The contents of particular vector elements can be accessed by their number or their name (if v contains names). To access vector elements, R uses square brackets []:

# Accessing the contents of particular waggons/elements:
train[1]       # by number: What's in 1st waggon/element?
#>    w01 
#> "coal"
train["w01"]   # by name:   What's in the waggon named "w001"?
#>    w01 
#> "coal"

The command v[n] returns the n-th element of a vector v, and the command v["abc"] returns the element named “abc” of a vector v (if v contains an element with this name).

We will learn more about accessing particular vector elements when we learn more about indexing below (in Section 1.4.6).

Practice

The following objects v1 and v2 are both vectors (i.e., an ordered sequence of elements) that have a length of 4 elements, but are of different types:

#> [1] 1 2 3 4
#> [1] "A" "B" "C" "D"

1. Use basic vector functions to answer the following questions:

• Of what type are the elements of v1 and v2?

• What is their i-th (e.g., 2nd) element?

• What is their length?

Applying basic vector functions:

# Of which type are the vectors?
typeof(v1)
#> [1] "integer"
typeof(v2)
#> [1] "character"
# What is the 2nd element?
v1[2]        
#> [1] 2
v2[2]
#> [1] "B"
# What is the length of a vector?
length(v1)
#> [1] 4
length(v2)
#> [1] 4

2. Additional functions designed for vectors allow addressing more advanced tasks like the following:

• What is the reverse sequence of v2?

• Do v1 or v2 contain some element "A"?

• Where does an element “A” (first) occur in some vector v2?

• Which element of v2 has a particular value (e.g., "B" or "Z")?

Note that some of these questions ask for a vector of elements, whereas others are answered by a simple binary (e.g., TRUE or FALSE) value, or a vector of numbers (positions). To solve these tasks, we can apply slightly more advanced functions to vectors:

• The function rev() reverses a vector:

rev(v2)  #  reverse the elements of v2 
#> [1] "D" "C" "B" "A"

• The function %in% (used as a binary operator between its two arguments) checks whether the left (first) argument is an element of the right (second) one:

"A" %in% v1  # does v1 contain an element "A"? 
#> [1] FALSE
"A" %in% v2  # does v2 contain an element "A"? 
#> [1] TRUE

# Compare: 
v2 == "C"    # is (element of) v2 equal to "C"?
#> [1] FALSE FALSE  TRUE FALSE
v2 %in% "C"  # is (element of) v2 "C"?
#> [1] FALSE FALSE  TRUE FALSE

v2 != "D"
#> [1]  TRUE  TRUE  TRUE FALSE
!(v2 %in% "D")
#> [1]  TRUE  TRUE  TRUE FALSE

# Note some details:
 2  %in% v1   # does v1 contain an element 2?
#> [1] TRUE
"2" %in% v1   # does v1 contain an element "2"?  (!)
#> [1] TRUE
" 2" %in% v1  # does v1 contain an element " 2"?
#> [1] FALSE

# ?`%in%`  # provides additional documentation.
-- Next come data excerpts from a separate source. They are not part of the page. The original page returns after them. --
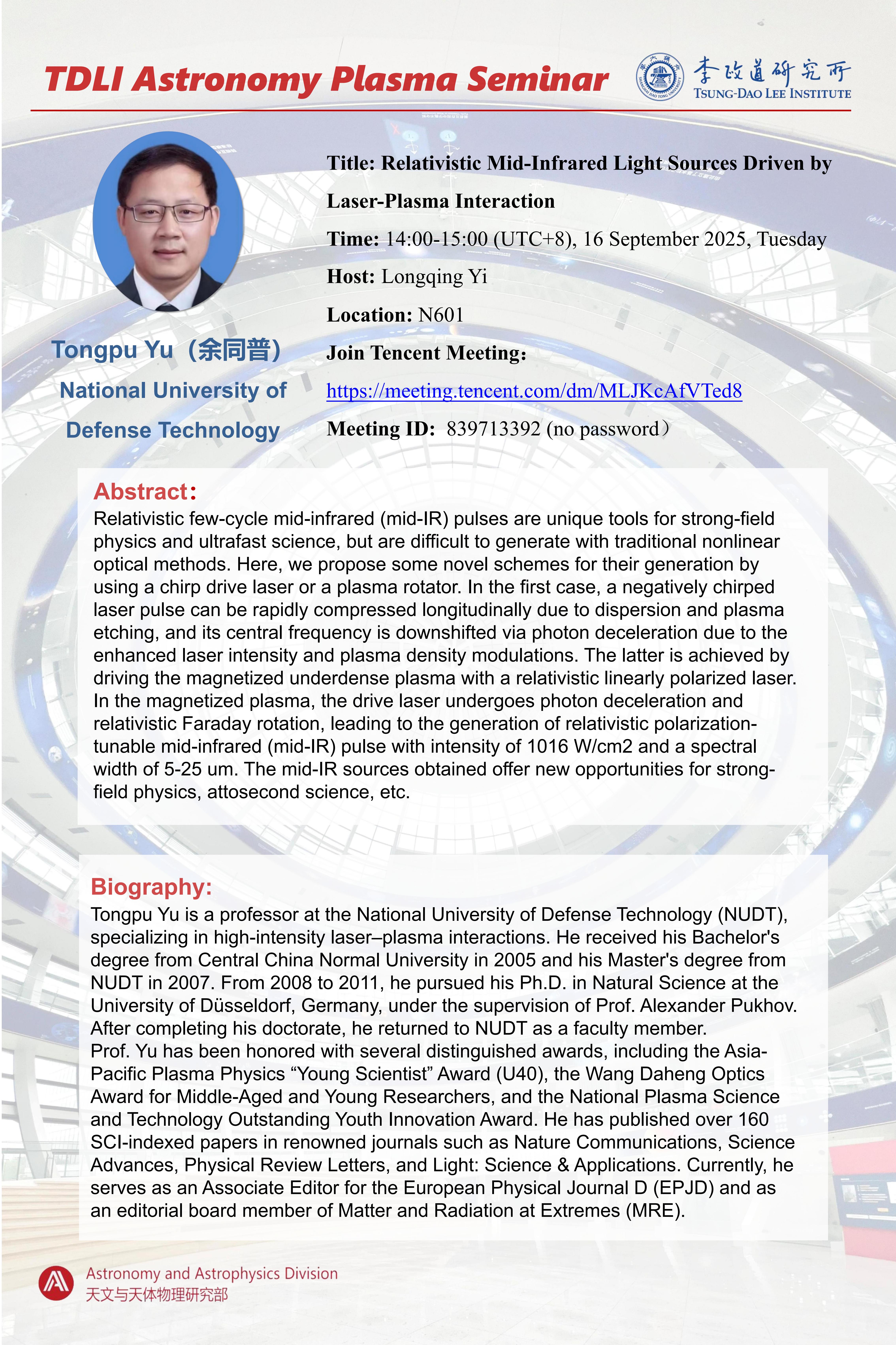 Prof. Yu has been honored with several distinguished awards, including the Asia-Pacific Plasma Physics “Young Scientist” Award (U40), the Wang Daheng Optics Award for Middle-Aged and Young Researchers, and the National Plasma Science and Technology Outstanding Youth Innovation Award. He has published over 160 SCI-indexed papers in renowned journals such as Nature Communications, Science Advances, Physical Review Letters, and Light: Science & Applications. Currently, he serves as an Associate Editor for the European Physical Journal D (EPJD) and as an editorial board member of Matter and Radiation at Extremes (MRE).
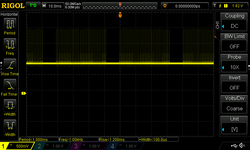 Taking a closer look at these pulses reveals that the width of the pulse is about 125us with an approximate 875us for a total cycle of ~1ms. After 32 cycles there is a 9ms resting period which would be the ideal time to read the distance sensor but again, there’s no way of knowing exactly when this period is. Unfortunately, with 32ms of pulsing and only 9ms of rest probability is not in your favor and you are bound to get numerous readings that are significantly higher than they should be.
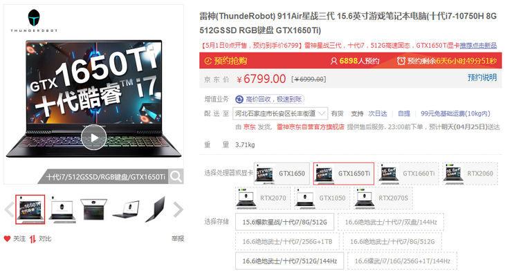 全屏幕轻薄设计 雷神911Air星战三代游戏本预约到手价6799元
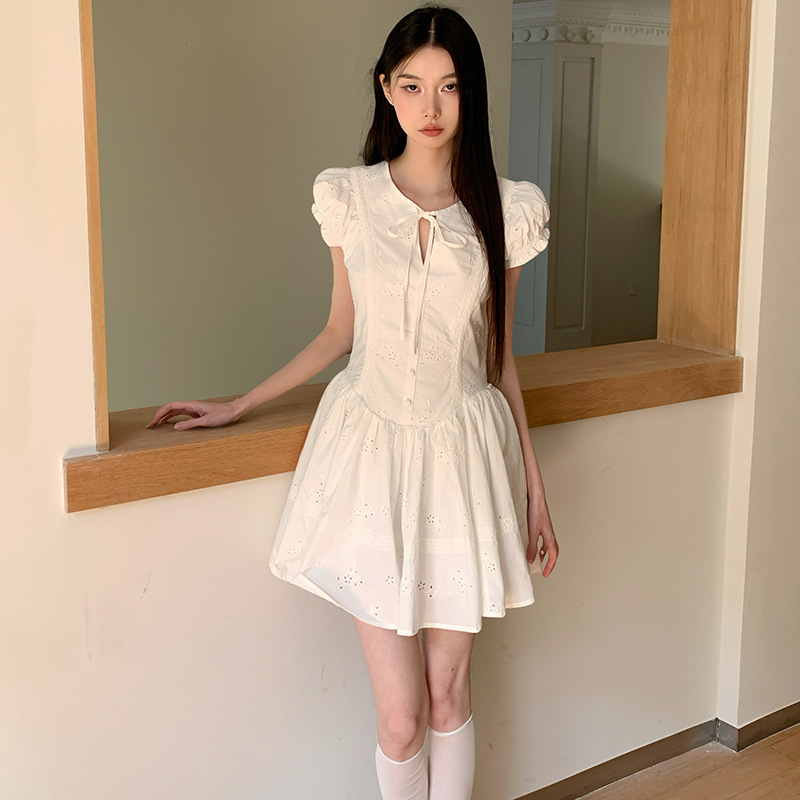 現物実写2024夏服新型フレンチ式ウエストワンピースデザイン感露背vネック泡袖ロングスカート

• The %in% operator is based on the match() function that returns the positions of (first) matches of its first argument in its second argument:

# Get position of (first) match:
match(x = c("A", "C", "Z"), 
      table = c("A", "B", "A", "Z")  # may be a vector
      )
#> [1]  1 NA  4

# Using v1 and v2:
match("A", v1, nomatch = 0)  # returns 0 if there is no match
#> [1] 0
match("B", v2)
#> [1] 2

• The which() function returns the position(s) (i.e., numbers) for which a test on a vector evaluates to TRUE:

# Position of TRUE test values:
which(v1 > 2)     # position of elements for which v1 > 2?
#> [1] 3 4
which(v2 == "C")  # which element of v2 is "C"? 
#> [1] 3
which(v2 != "A")  # which element of v2 is NOT "A"?
#> [1] 2 3 4
which(v2 == "X")  # which element of v2 is "X"? 
#> integer(0)

Thus, which() allows us to probe a vector with some test and returns a (numeric) vector of the positions for which the test is TRUE.

We will learn more about these and many other vector-based functions later. For now, just try to understand these basic functions and remember that there are many ways to probe and manipulate vectors.

1.4.2 Creating vectors

To create a new vector, we can combine several objects of the same type with the c() function (think chain, combine, or concatenate), separating vector elements by commas:

# Creating vectors: 
c(2, 4, 6)
#> [1] 2 4 6

# Combining scalar objects (defined above): 
c(a, b)  
#> [1] 100 500

v <- c(a, b, c)
v
#> [1] 100 500   3

v <- c(c, c, c)  # vectors can have repeated elements
v
#> [1] 3 3 3

The same function can be used to combine scalars and vectors:

# Combining scalar objects and vectors (defined above): 
v <- c(a, b, v)  # Note that vectors can contain vectors, ...
v
#> [1] 100 500   3   3   3

v <- c(v, v)     # but the result is only 1 vector, not 2: 
v
#>  [1] 100 500   3   3   3 100 500   3   3   3

but note that the resulting vector is still a vector, rather than a vector containing other vectors (i.e., c() flattens vectors).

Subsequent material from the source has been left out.